» **Dataset excerpt**
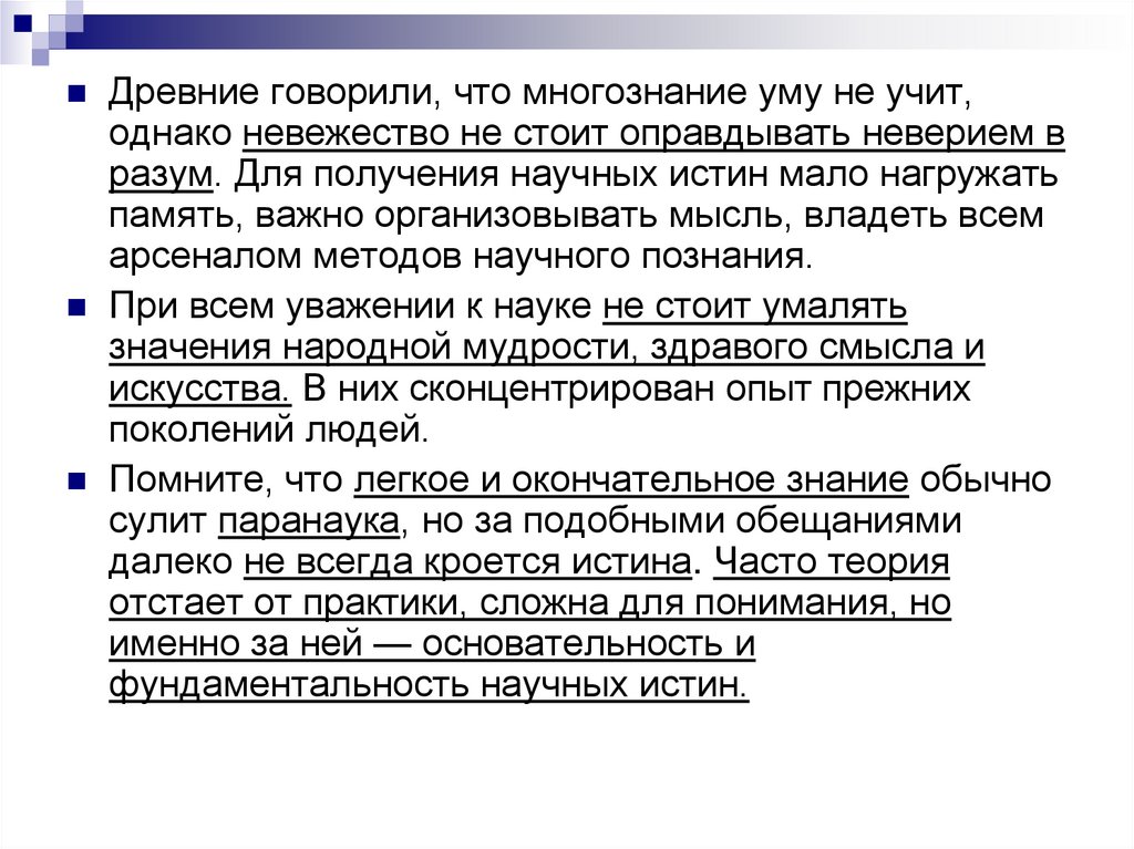 Древние говорили, что многознание уму не учит,однако невежество не стоит оправдывать неверием в
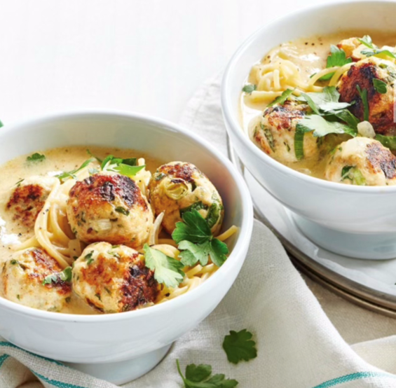 • Stir in the zucchini and cauliflower rice (but not the orzo if using, as this will go in later as it cooks faster), dill, parsley, and oregano. Add the chicken broth and return the meatballs to the pot. Bring the soup to a boil, cover, and reduce the heat to low and simmer for 10 minutes. If using orzo, add to the soup and continue simmering until the orzo is al dente, 7 to 9 minutes.
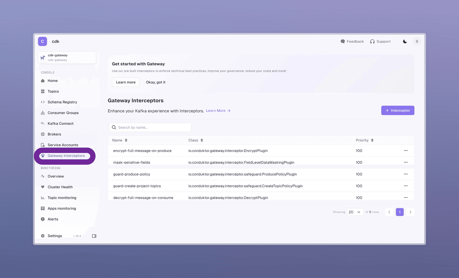 Conduktor interceptors power this. Navigate to Gateway Interceptors:
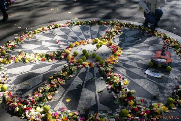 Strawberry Fields Memorial - New York - USA: Strawberry Fields is a small section in New York's Central Park that is dedicated to the memory of musician John Lennon. The entrance to the memorial is located on Central Park West at West 72nd Street, directly across from the Dakota Apartments.

» **Instructions to follow**
Output the data above without changes, apart from leaving out the pictures.

» **Answer to the exercise**
 Древние говорили, что многознание уму не учит,однако невежество не стоит оправдывать неверием в
 • Stir in the zucchini and cauliflower rice (but not the orzo if using, as this will go in later as it cooks faster), dill, parsley, and oregano. Add the chicken broth and return the meatballs to the pot. Bring the soup to a boil, cover, and reduce the heat to low and simmer for 10 minutes. If using orzo, add to the soup and continue simmering until the orzo is al dente, 7 to 9 minutes.
 Conduktor interceptors power this. Navigate to Gateway Interceptors:
 Strawberry Fields Memorial - New York - USA: Strawberry Fields is a small section in New York's Central Park that is dedicated to the memory of musician John Lennon. The entrance to the memorial is located on Central Park West at West 72nd Street, directly across from the Dakota Apartments.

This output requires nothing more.